The travel and tourism industry continues to be a major economic driver globally and closer to home in Central Oregon (CO). In 2023, according to the World Travel and Tourism Council, the travel industry represented 9.2% of global GDP. Closer to home, according to Dean Runyan Associates’ 2022 report, Central Oregon’s travel economy was approximately $1.3 billion. Most economic leading indicators for travel provided by STR, like occupancy (58.9%) and average daily rate ($157.26), were healthy coming into 2024. Central Oregon, and specifically Bend, is tracking closely to benchmark destinations like Bellingham, Washington; Boseman, Montana; and Flagstaff, Arizona. The industry will always be susceptible to macro-environmental shocks, so forecasting 2024 revenue is difficult. However, the general consensus is that the rapid revenue growth of the last several years will moderate; the industry is projecting little to no growth for 2024.

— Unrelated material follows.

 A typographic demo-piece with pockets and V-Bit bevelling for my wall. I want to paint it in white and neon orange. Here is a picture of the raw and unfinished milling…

As a result of this financial performance, Bend’s 10.4% lodging tax generated from tourism accounted for $14,566,143. Tourism tax collection to the unrestricted general fund, which typically financially supports fire, police, and roads, totaled $9,526,257 over the last 12 months. The remaining 35.4% of tax revenue went to promote marketing activities and grant programs to support businesses struggling during the off-season and low-demand tourism months.

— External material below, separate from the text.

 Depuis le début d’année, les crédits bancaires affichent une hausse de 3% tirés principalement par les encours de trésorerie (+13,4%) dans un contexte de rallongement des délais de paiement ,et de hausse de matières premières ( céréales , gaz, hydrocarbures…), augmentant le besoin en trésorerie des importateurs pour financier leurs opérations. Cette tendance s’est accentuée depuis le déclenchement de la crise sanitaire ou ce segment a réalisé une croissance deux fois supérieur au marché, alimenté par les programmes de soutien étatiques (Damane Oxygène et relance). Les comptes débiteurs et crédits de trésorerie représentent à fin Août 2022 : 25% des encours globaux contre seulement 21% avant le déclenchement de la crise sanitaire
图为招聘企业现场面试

Although parts of the industry are returning to normal, some changes over the last few years will likely persist. During the COVID pandemic, the shock to the travel and tourism labor market was significant, impacting service levels, operations, and, in some cases, the financial viability of companies. The industry, nationally and within Central Oregon, responded with significant pay increases to attract and maintain labor. These pay increases appear to be lasting.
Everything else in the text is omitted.